The New Zealand share market joined with others around the Pacific Rim to trade lower after rising trade tensions between the US and China drove the US share market down by 2.9 per cent overnight.

By mid afternoon, NZX-50 index was off by 1.9 per cent at 10,565 but other markets around the region fared worse in wake of the yuan's depreciation, the worsening state of Sino-US relations and rising concerns over civil unrest in Hong Kong.

In Australia, the ASX-200 index was down by 2.4 per cent and Japan's Nikkei 225 was down 2.9 per cent.
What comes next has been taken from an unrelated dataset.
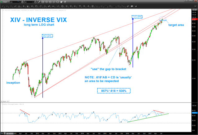 Below, calling out a very nice 3 drive to a top w/ price and time symmetry and, additionally, the XIV is smacking into 1.618/1.68179 projections from the date of inception. Man, if it smacks into this level and keeps rolling it’s going to be Space-X rocket.

In Hong Kong, MSCI Hong Kong Index fell by 3 per cent, heading for a 10th straight decline, a day after a general strike led to traffic chaos, violence, tear gas and flight cancellations.


Matt Goodson, managing director at Salt Funds Management, said a weaker Chinese yuan would make New Zealand and Australia's exports more expensive in China.
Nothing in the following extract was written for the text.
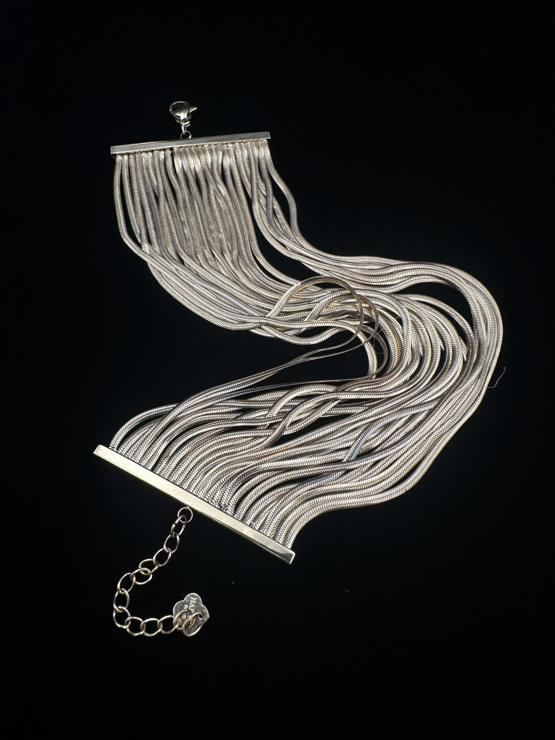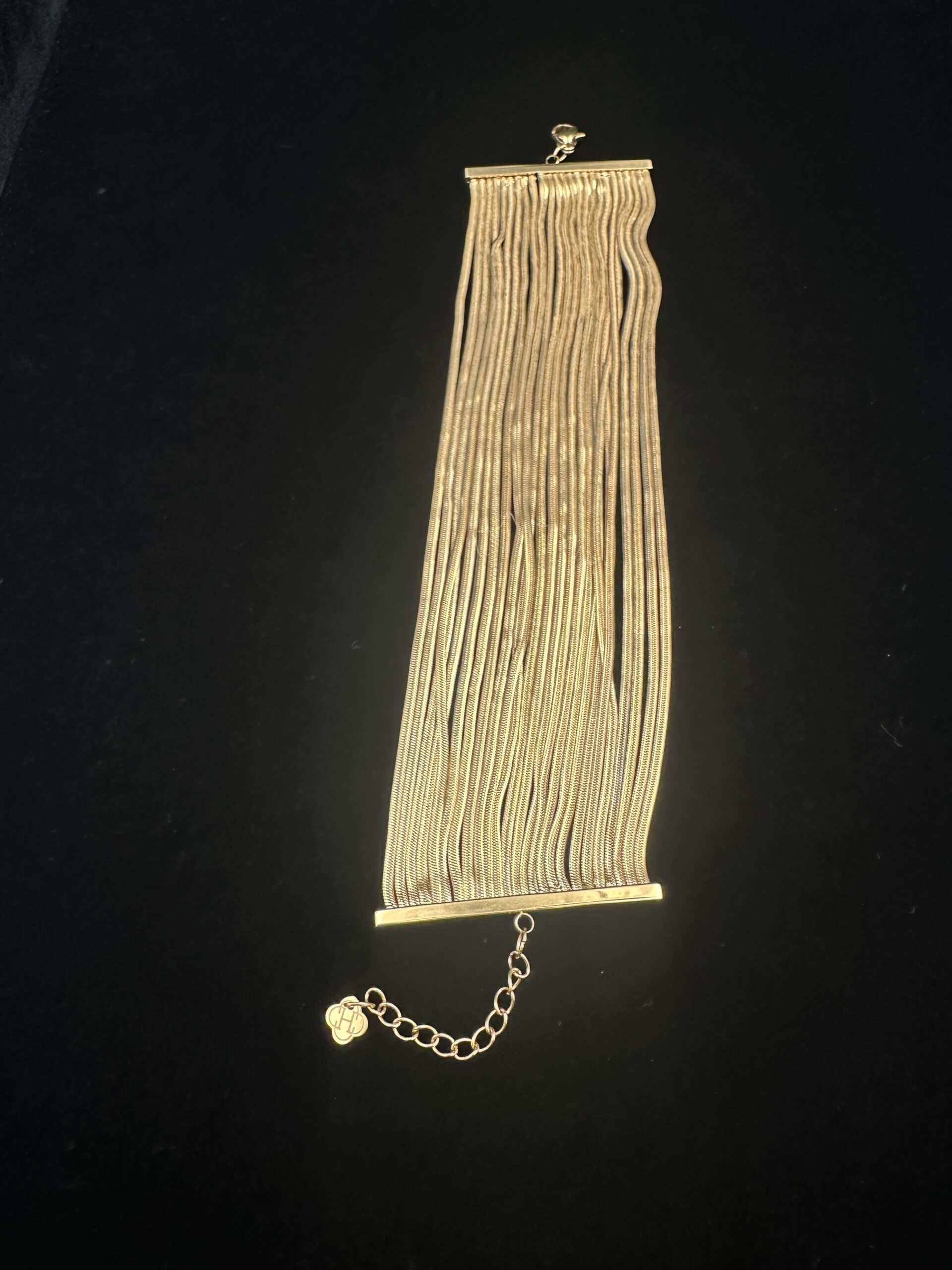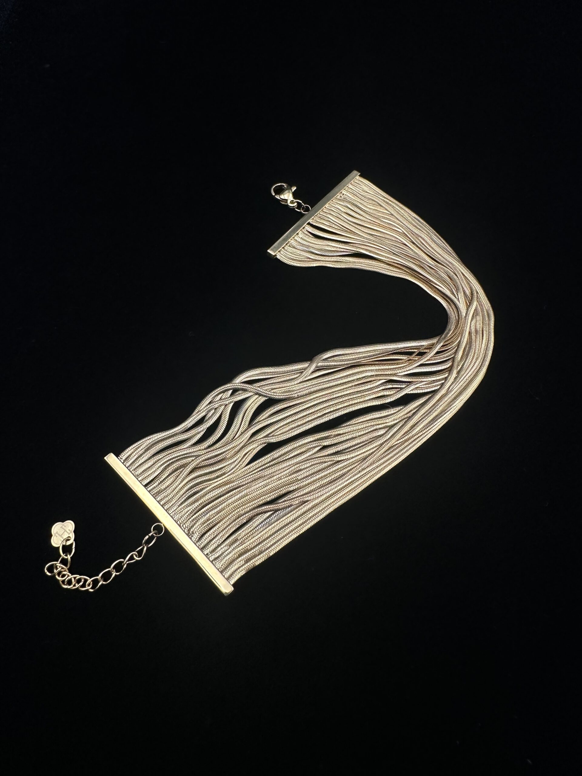Dieses elegante Modeschmuck-Armband besticht durch mehrere Bahnen zarter, goldfarbener Kettchen, die sich weich und harmonisch um das Handgelenk legen. Ein vielseitiges, stilvolles Accessoire, das jedem Look einen Hauch von Glanz und raffinierter Leichtigkeit verleiht.

He added the situation in Hong Kong was "extremely volatile" and that it was an additional concern for world financial markets.

Up until recently, the local share market had been on a record-breaking run higher.

While the market New Zealand market had softened, Goodson said local stocks were still trading at extremely high earnings multiples.

"That's largely a function of ultra low bond yields and certainly not a reflection of future earnings growth," he said.

The local share market's declines were led by a sharp decline in market heavyweight A2 Milk, and other "growth" stocks, but the broader market was mostly steady.

Overnight, rising world trade tensions drove the US sharemarket to its biggest one-day drop so far this year, the Dow Jones Industrial Average falling by 767 points to 25,717.74.

Mark Lister, head of private wealth research at Craigs Investment Partners, said the high yielding defensive stocks, such as telco Spark and power generator Meridian held up well.


"We are holding up better than those offshore markets because of the defensive nature of our market," Lister said.

"The growth and cyclical end of town is where it is being felt," he said.

In the "growth" category, cinema software company Vista Group and infrastructure provider Gentrack were singled out for selling, but by midafternoon were trading off their lows.

In the "cyclical" camp - Fletcher Building was trading 14 cents, or 3 per cent, lower at $4.71.